> **INFORMATION SHOWN**:

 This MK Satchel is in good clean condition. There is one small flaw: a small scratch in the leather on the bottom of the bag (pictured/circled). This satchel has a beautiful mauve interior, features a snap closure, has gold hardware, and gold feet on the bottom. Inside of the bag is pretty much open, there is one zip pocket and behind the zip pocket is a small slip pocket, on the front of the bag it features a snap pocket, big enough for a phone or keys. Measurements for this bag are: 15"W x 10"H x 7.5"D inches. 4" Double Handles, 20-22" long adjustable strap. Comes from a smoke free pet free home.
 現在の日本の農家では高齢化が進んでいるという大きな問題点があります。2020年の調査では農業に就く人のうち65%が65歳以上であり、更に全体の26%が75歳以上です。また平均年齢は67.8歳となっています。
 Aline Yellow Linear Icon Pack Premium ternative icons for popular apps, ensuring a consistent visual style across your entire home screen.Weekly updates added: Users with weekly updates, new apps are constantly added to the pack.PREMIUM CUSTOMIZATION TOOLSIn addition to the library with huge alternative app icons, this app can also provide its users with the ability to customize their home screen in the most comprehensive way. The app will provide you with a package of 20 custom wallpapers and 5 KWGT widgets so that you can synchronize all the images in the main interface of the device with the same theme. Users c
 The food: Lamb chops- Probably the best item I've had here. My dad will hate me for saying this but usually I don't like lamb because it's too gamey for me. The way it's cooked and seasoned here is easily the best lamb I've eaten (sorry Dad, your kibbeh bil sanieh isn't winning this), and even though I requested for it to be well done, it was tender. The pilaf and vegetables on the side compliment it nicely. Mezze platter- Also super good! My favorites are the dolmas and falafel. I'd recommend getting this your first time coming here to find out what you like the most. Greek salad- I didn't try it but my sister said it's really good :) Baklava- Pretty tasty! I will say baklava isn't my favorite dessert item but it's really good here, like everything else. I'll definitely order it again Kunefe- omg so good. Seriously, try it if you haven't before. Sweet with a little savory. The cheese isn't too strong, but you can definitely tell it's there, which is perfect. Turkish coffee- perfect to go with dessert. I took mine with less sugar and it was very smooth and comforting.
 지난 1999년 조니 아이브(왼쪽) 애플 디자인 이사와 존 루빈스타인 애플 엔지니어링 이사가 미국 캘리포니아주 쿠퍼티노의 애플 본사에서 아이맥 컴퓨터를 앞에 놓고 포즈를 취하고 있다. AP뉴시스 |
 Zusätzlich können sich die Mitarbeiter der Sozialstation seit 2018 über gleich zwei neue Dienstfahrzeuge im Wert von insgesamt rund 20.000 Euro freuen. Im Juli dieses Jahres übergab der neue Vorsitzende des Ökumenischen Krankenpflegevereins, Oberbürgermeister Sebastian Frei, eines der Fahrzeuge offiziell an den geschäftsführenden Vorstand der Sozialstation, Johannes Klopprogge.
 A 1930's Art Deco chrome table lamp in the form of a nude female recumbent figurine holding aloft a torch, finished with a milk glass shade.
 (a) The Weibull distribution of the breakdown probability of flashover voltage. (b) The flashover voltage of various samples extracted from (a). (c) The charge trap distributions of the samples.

> **REQUIREMENT**: Repeat the material above in full, quoting it exactly.

> **TASK SOLUTION**:
 This MK Satchel is in good clean condition. There is one small flaw: a small scratch in the leather on the bottom of the bag (pictured/circled). This satchel has a beautiful mauve interior, features a snap closure, has gold hardware, and gold feet on the bottom. Inside of the bag is pretty much open, there is one zip pocket and behind the zip pocket is a small slip pocket, on the front of the bag it features a snap pocket, big enough for a phone or keys. Measurements for this bag are: 15"W x 10"H x 7.5"D inches. 4" Double Handles, 20-22" long adjustable strap. Comes from a smoke free pet free home.
 現在の日本の農家では高齢化が進んでいるという大きな問題点があります。2020年の調査では農業に就く人のうち65%が65歳以上であり、更に全体の26%が75歳以上です。また平均年齢は67.8歳となっています。
 Aline Yellow Linear Icon Pack Premium ternative icons for popular apps, ensuring a consistent visual style across your entire home screen.Weekly updates added: Users with weekly updates, new apps are constantly added to the pack.PREMIUM CUSTOMIZATION TOOLSIn addition to the library with huge alternative app icons, this app can also provide its users with the ability to customize their home screen in the most comprehensive way. The app will provide you with a package of 20 custom wallpapers and 5 KWGT widgets so that you can synchronize all the images in the main interface of the device with the same theme. Users c
 The food: Lamb chops- Probably the best item I've had here. My dad will hate me for saying this but usually I don't like lamb because it's too gamey for me. The way it's cooked and seasoned here is easily the best lamb I've eaten (sorry Dad, your kibbeh bil sanieh isn't winning this), and even though I requested for it to be well done, it was tender. The pilaf and vegetables on the side compliment it nicely. Mezze platter- Also super good! My favorites are the dolmas and falafel. I'd recommend getting this your first time coming here to find out what you like the most. Greek salad- I didn't try it but my sister said it's really good :) Baklava- Pretty tasty! I will say baklava isn't my favorite dessert item but it's really good here, like everything else. I'll definitely order it again Kunefe- omg so good. Seriously, try it if you haven't before. Sweet with a little savory. The cheese isn't too strong, but you can definitely tell it's there, which is perfect. Turkish coffee- perfect to go with dessert. I took mine with less sugar and it was very smooth and comforting.
 지난 1999년 조니 아이브(왼쪽) 애플 디자인 이사와 존 루빈스타인 애플 엔지니어링 이사가 미국 캘리포니아주 쿠퍼티노의 애플 본사에서 아이맥 컴퓨터를 앞에 놓고 포즈를 취하고 있다. AP뉴시스 |
 Zusätzlich können sich die Mitarbeiter der Sozialstation seit 2018 über gleich zwei neue Dienstfahrzeuge im Wert von insgesamt rund 20.000 Euro freuen. Im Juli dieses Jahres übergab der neue Vorsitzende des Ökumenischen Krankenpflegevereins, Oberbürgermeister Sebastian Frei, eines der Fahrzeuge offiziell an den geschäftsführenden Vorstand der Sozialstation, Johannes Klopprogge.
 A 1930's Art Deco chrome table lamp in the form of a nude female recumbent figurine holding aloft a torch, finished with a milk glass shade.
 (a) The Weibull distribution of the breakdown probability of flashover voltage. (b) The flashover voltage of various samples extracted from (a). (c) The charge trap distributions of the samples.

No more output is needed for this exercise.